Interest is based on the Eurodollar rate, plus 2.25%, less a pricing reduction,
if any, in effect from time to time, and is payable quarterly. The interest rate
on borrowings outstanding under the AFL II Term Loan Facility was 8.13% at
December 31, 1997. Quarterly scheduled principal payments of $2.5 million
commenced in February 1998 and increase to $5.7 million in August 1998 with a
final payment of $50.0 million in May 2004. The AFL II Term Loan Facility is
secured by a first priority interest in the four subject aircraft, plus nine
spare engines, and is restrictive with respect to limitations on indebtedness,
liens, investments, contingent obligations, restricted junior payments, capital
expenditures, amendments of material agreements, leases, transactions with
shareholders and affiliates and the conduct of business. AFL II was in
compliance with all of its covenants as of December 31, 1997.
 
     In October 1997, Atlas Flightlease, Inc. ("AFI"), a wholly-owned subsidiary
of the Company, secured a 2-year LIBOR based financing with Bankers Trust
Company for approximately 80% of the purchase price of a 1988 Canadair
Challenger passenger aircraft (the "Challenger"). AFI purchased the Challenger
from MAC Flightlease, Inc. ("MAC Flightlease"), an entity wholly-owned by the
wife of the Company's Chairman, President and CEO (see Note 7 to the
Consolidated Financial Statements), in the third quarter of 1997. In December
1997, AFI refinanced the Challenger for approximately 100% of its purchase price
with Nationsbanc under a 5-year loan which was guaranteed by the Company.
Interest is based on the Eurodollar rate, plus 2.35%, and is payable quarterly
with concurrent scheduled payments of principal. The interest rate on borrowings
outstanding under the Nationsbanc debt was 8.26% at December 31, 1997. The loan
is secured by a first priority security interest in the Challenger. Covenants
with respect to this financing require specific levels of insurance, as well as
contain requirements regarding use, maintenance, configuration, liens and
disposition of the Challenger, among other things. AFI was in compliance with
all of its covenants as of December 31, 1997.
 
     Due to the contractual nature of the Company's business, the Company's
management does not consider its operations to be highly working
capital-intensive in nature. Because most of the non-ACMI costs normally
associated with operations are borne by and directly paid for by the Company's
customers, the Company does not incur significant costs in advance of the
receipt of corresponding revenues.

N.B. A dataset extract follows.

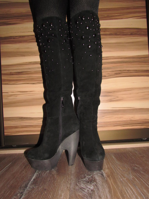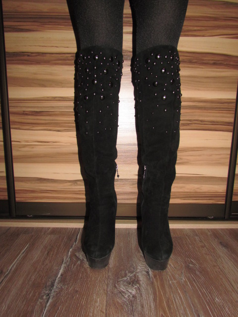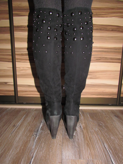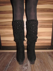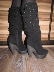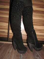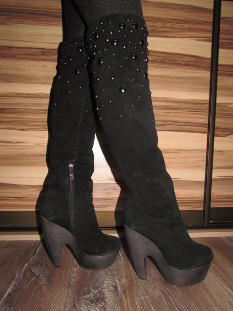 Продаю шикарные замшевые на цегейке сапоги - ботфорты на высоком каблуке! В отличном состоянии и очень модные! Размер каблука 14,5 см, размер передней платформы 4 см. Можно носить в вариантах: как ботфорты или приспустить гармошкой. Стелька 25 - 25,5 см. |

Moreover, ACMI costs, which are the
responsibility of the Company, are generally incurred on a regular, periodic
basis ranging from flight hours to months. These costs are largely matched by
revenue receipts, as the Company's contracts require regular payments from its
customers, based upon current flight activity, generally every two to four
weeks. As a result, the Company has not in the past had a requirement for a
working capital facility. The Company is exploring the possibility of entering
into an unsecured line of credit for general working capital purposes.
 
     Under the FAA's Directives issued under its Aging Aircraft program, the
Company is subject to extensive aircraft examinations and may be required to
undertake structural modifications to address the
                                       20
<PAGE>   21
 
problem of corrosion and structural fatigue. In November 1994, Boeing issued
Nacelle Strut Modification Service Bulletins which have been converted into
Directives by the FAA. Twelve of the Company's Boeing 747-200 aircraft will have
to be brought into compliance with such Directives within the next three years
at an estimated cost of approximately $6.0 million. As part of the FAA's overall
aging aircraft program, it has issued Directives requiring certain additional
aircraft modifications to be accomplished prior to the aircraft reaching 20,000
cycles. The average cycle time for the 17 aircraft in service is approximately
12,000 cycles and the average cycles operated per year is approximately 800
cycles. The Company estimates that the modification costs per aircraft will
range between $2 million and $3 million. Between now and the year 2000, only one
aircraft is expected to reach the 20,000 cycle limit and nine additional
aircraft will require modification prior to 2009. The remaining seven aircraft
in service have already undergone such modifications. The two aircraft
undergoing modification to freighter configuration will receive the Nacelle
Strut Modification as part of the freighter conversion. Other Directives have
been issued that require inspections and minor modifications to Boeing 747-200
aircraft. It is possible that additional Directives applicable to the types of
aircraft or engines included in the Company's fleet could be issued in the
future, the cost of which could be substantial. Upon acquisition of an aircraft,
the Company determines whether or not the aircraft is in compliance with
Airworthiness Directives and tries to anticipate all future compliance
requirements. The necessary work to bring the aircraft into compliance is then
scheduled at the time of conversion of the aircraft to freighter configuration,
in order to minimize unscheduled maintenance events.
 
     The Company has initiated a review of its internal information systems for
any Year 2000 transition problems through a company-wide effort, assisted by
Year 2000 experienced consultants, to address internal Year 2000 system issues,
and jointly with industry trade groups, to address issues related to key
business partners which are common to other air carriers. The Company has not
completed the development of the remediation approach for all affected areas. As
a result, the Company cannot estimate what the total cost will be to implement
remediation efforts for all critical operational systems. However, due to the
Company's relatively young systems, the Company's advanced client server and
data base architecture, and the Company's partial reliance on vendor
representations regarding Year 2000 compliant third-party systems, the Company
is confident that such remediation efforts will not be material. The Company
expects to complete the assessment and development stages of this plan by
mid-1998, at which time it expects to be able to make a reasonable cost
estimate. Implementation of all remediation efforts is scheduled to be completed
in early 1999.
 
     The Company has started an ongoing program to review the status of key
supplier Year 2000 compliance efforts. While the Company believes it is taking
all appropriate steps to assure Year 2000 compliance, it is dependent on key
business partner compliance to some extent. The Year 2000 problem is pervasive
and complex, as virtually every computer operation will be affected in some way.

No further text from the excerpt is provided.